Although I found plenty of references for incomplex, some might seem too obscure and dull for most readers. So I've attempted to round up a few instances in literature:
The Mistress of the Ranch, a Novel, by Frederick Thickstun Clark (c.1897, p.16)
Sam turned his full face upon her. It was a face capable of only one expression at a time, and that of some big, incomplex emotion.
The Strangers' Banquet, by Donn Byrne (c.1919, p.180)
He was too incomplex to worry about styles for men or what suited him.

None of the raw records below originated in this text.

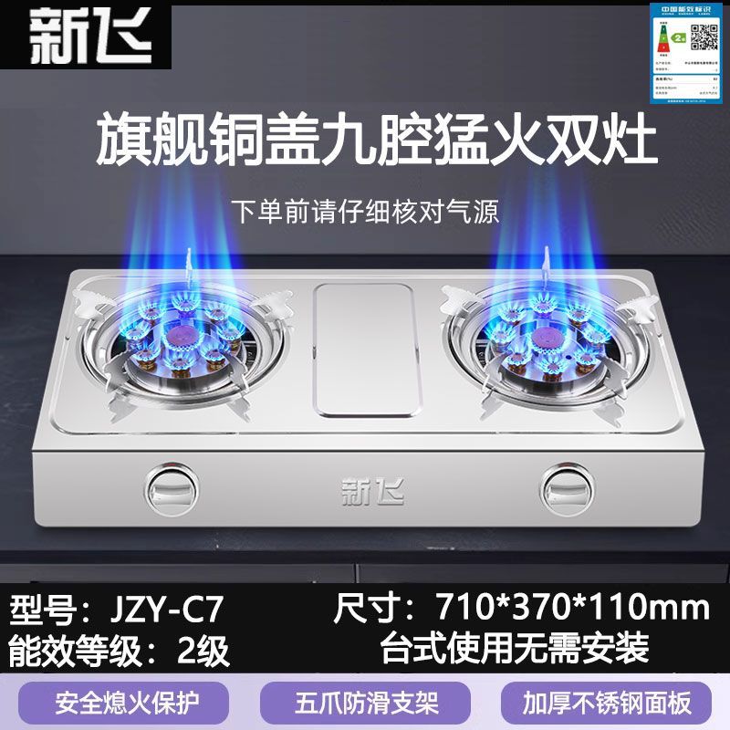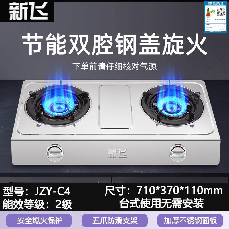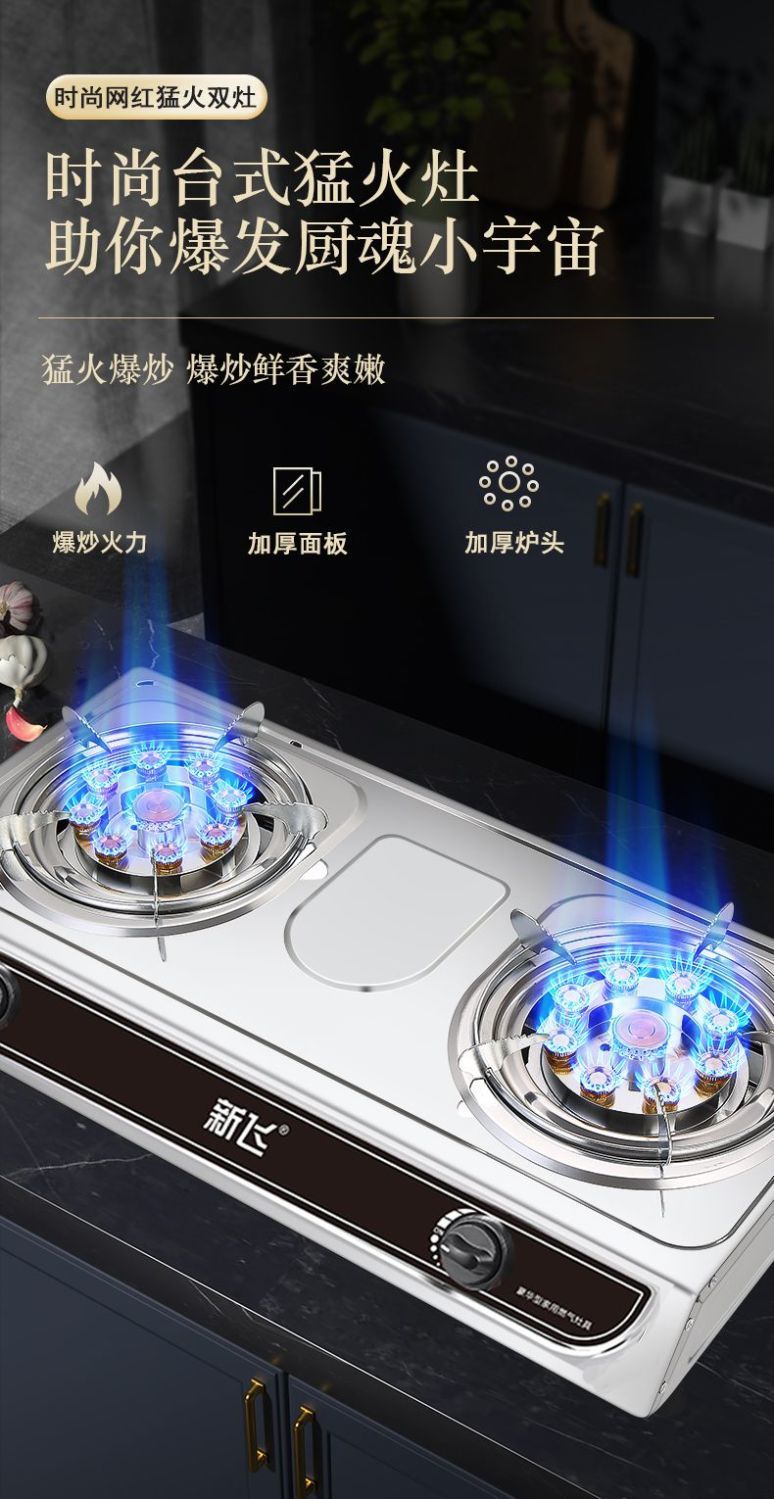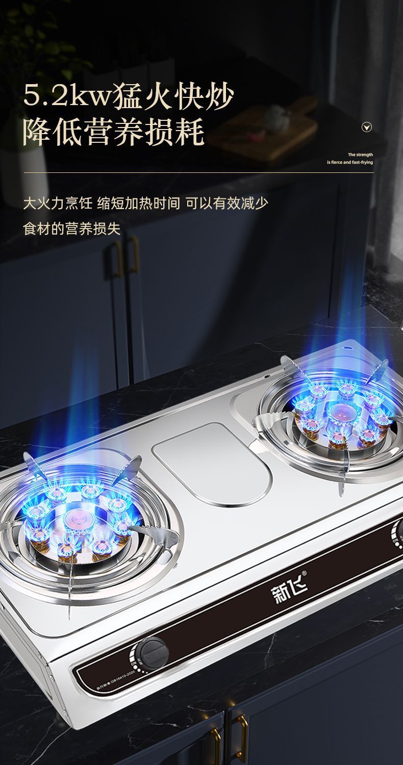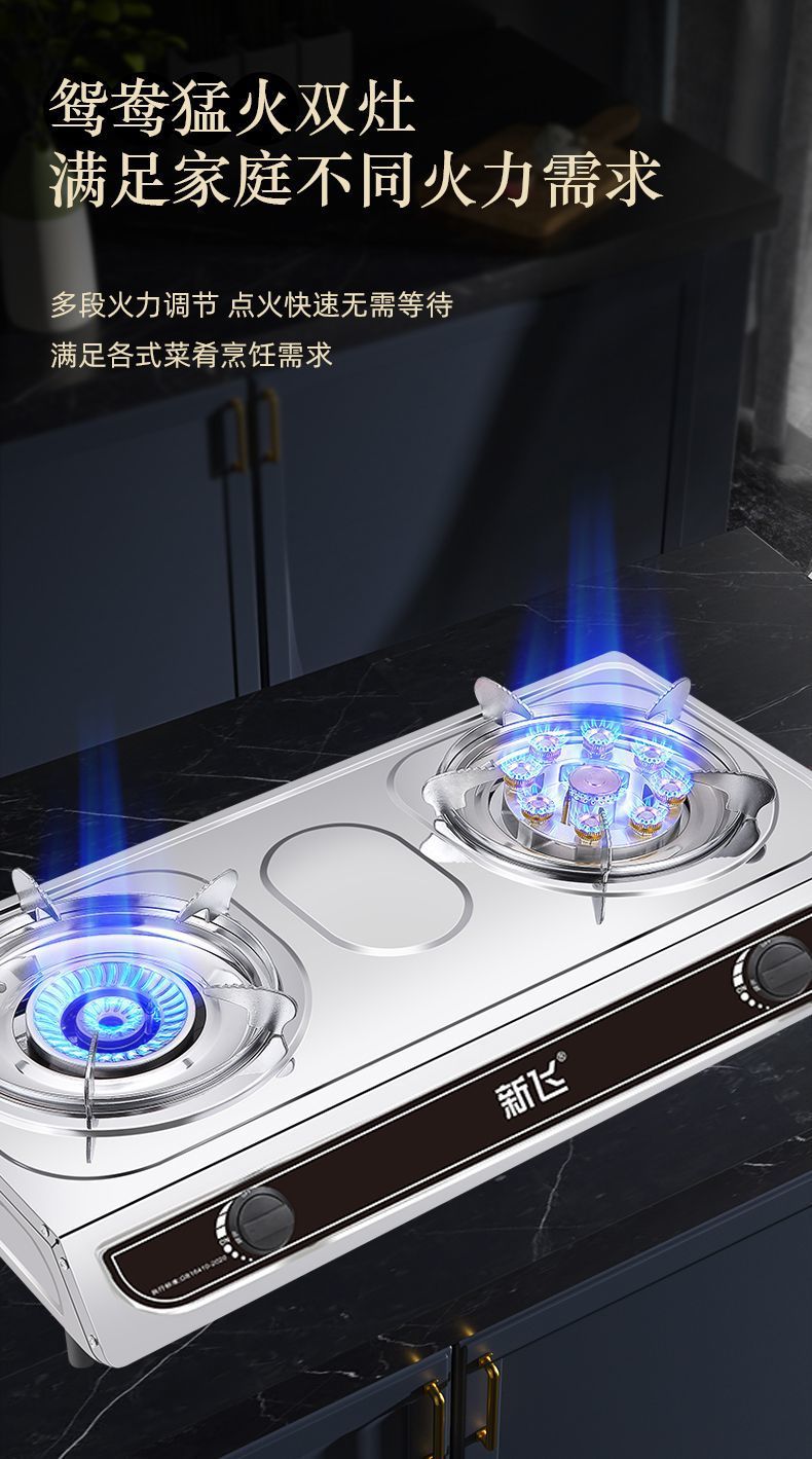 Xinfei Gas Stove Double Burner Household Countertop High Flame Liquefied Gas Stainless Steel Energy-saving Natural Gas Double Burner
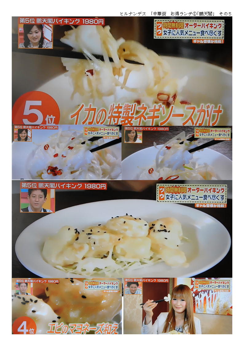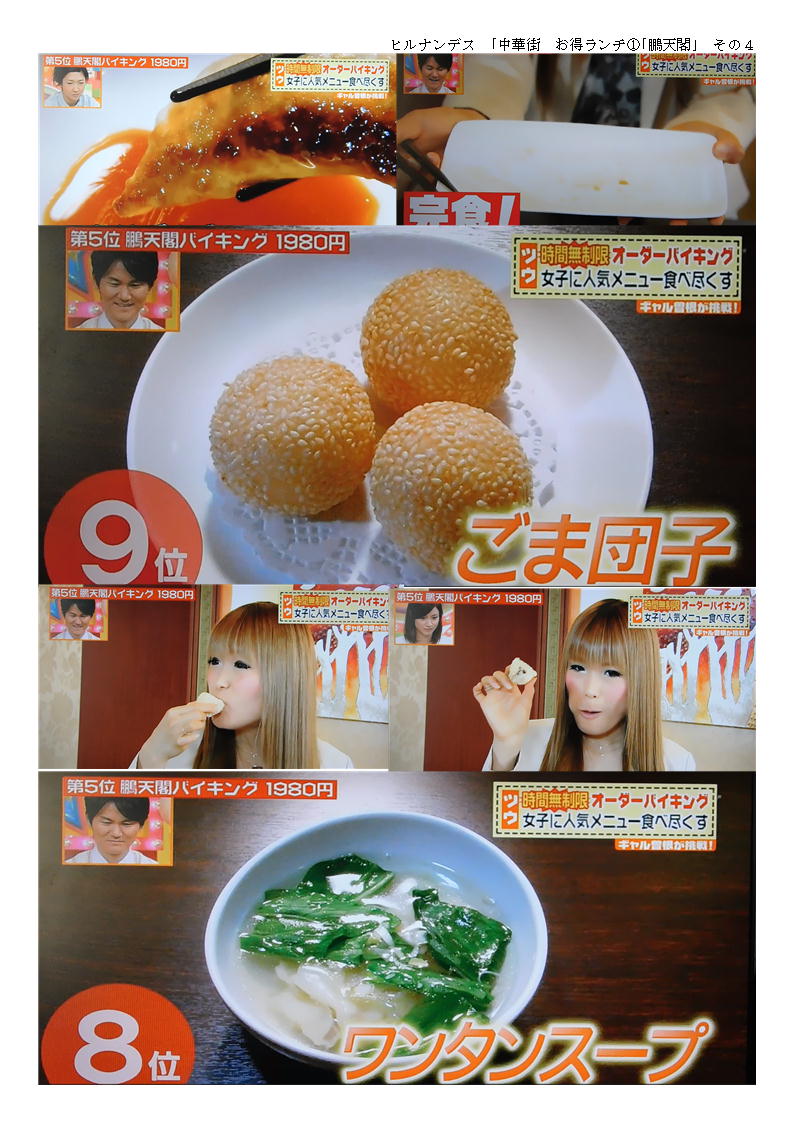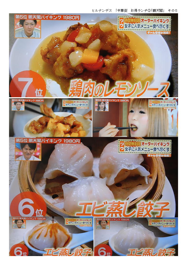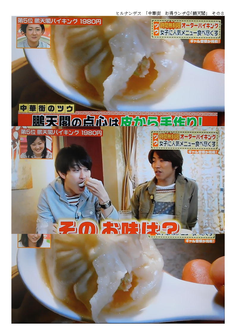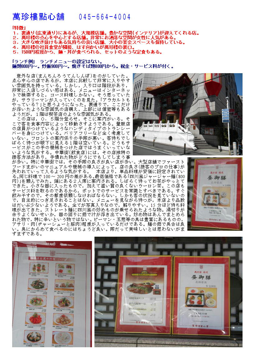 9人だったので、2階の席を準備してもらう。その分「税+サービス料」が加算され、3000円近くになる。まあこれくらいはしょうがないのかもしれないが、ランチタイムぐらいは、たいしたサービスもしないのだから「サービス料」は不要であろう。中華街でも大型店舗は、サービス料(席料といってとる場合もある)を加算されるので、予約の時十分に確認しておく必要がある。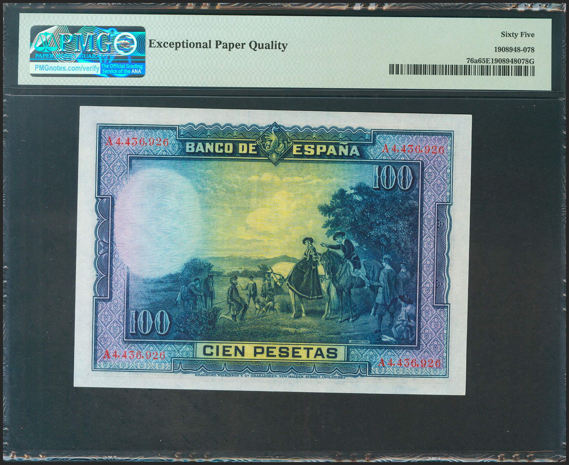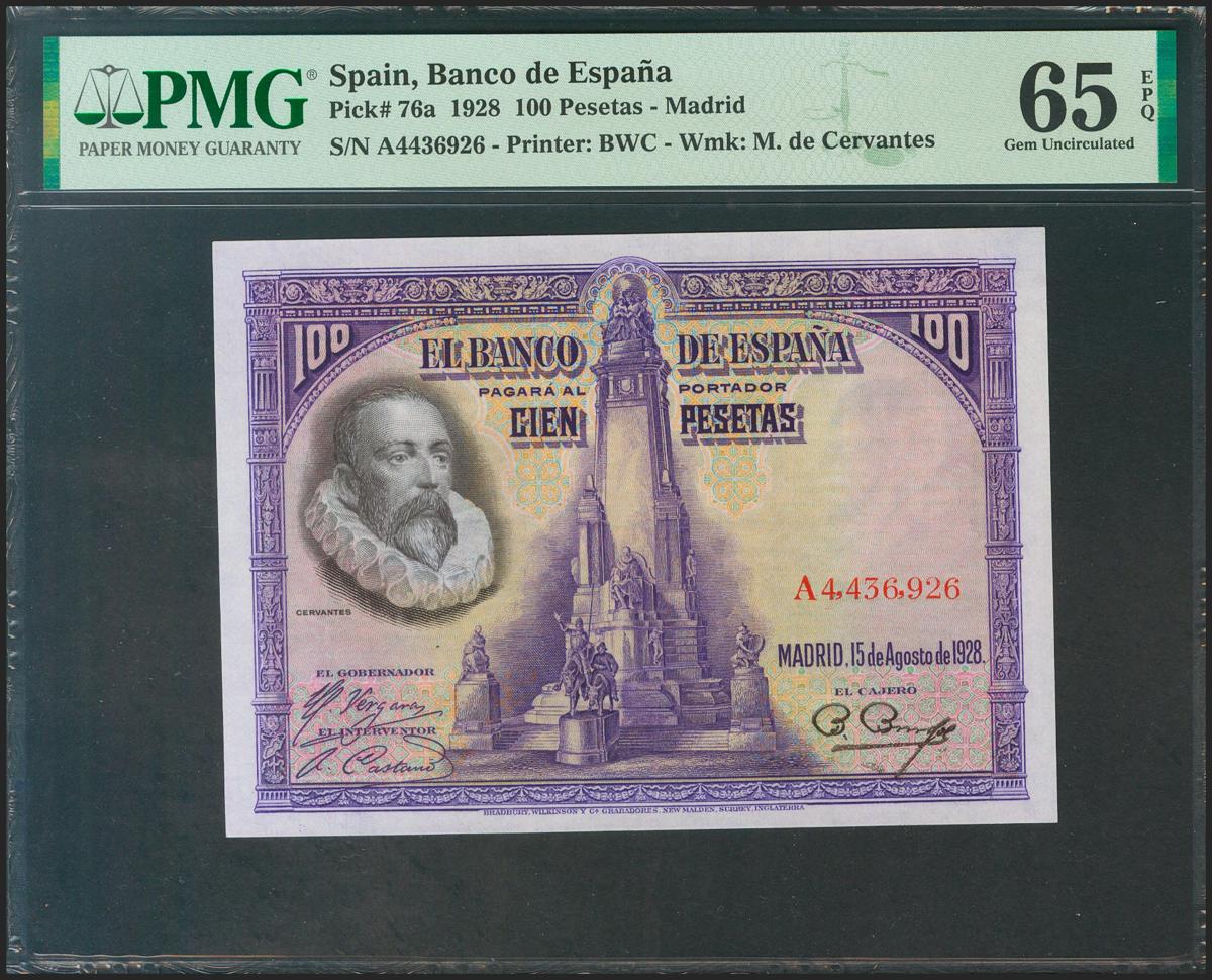 100 Pesetas. 15 de Agosto de 1928. Serie A. (Edifil 2021: 355a, Pick: 76a). Raro en esta calidad y con apresto original. SC. Encapsulado PMG65EPQ.

In Main Currents in Nineteenth Century Literature, by Georg Morris Cohen Brandes (c.1906, p.295), speaking of Théophile Gautier:
...when (as in "Le premier rayon de mai") he reproduces the simple, almost sensual, at any rate perfectly incomplex, feeling of happiness produced by the close vicinity of the beloved one.
The Country Parson and Albert Savaron, by Honoré de Balzac (c.1897, p.152)
Who is there with a thinking brain or a wounded heart that can pass through a forest and find the forest dumb? Before you are aware its voice is in your ears, a soothing or an awful voice, but more often soothing than awful. And if you were to examine very closely into the causes of this sensation, this solemn, incomplex, subduing, and mysterious forest-influence that comes over you, perhaps you will find its source in the sublime and subtle effect of the presence of so many creatures all obedient to their destinies, immovable in submission.
So many great writers and thinkers have produced fine literature and ideas with the term, incomplex, that it seems a pity not to easily recognize its meaning and perhaps even to keep it alive with modern usage.
- "An Incomplex Introduction to Complexity-based Cryptography."
...is an elegantly phrased, creative, and clever title. It's a mouthful, but I like it. Oh, and to answer the question specifically:
- Yes, incomplex is a legitimate word.
- Yes, anyone should feel free to use it whenever they like (in context, of course).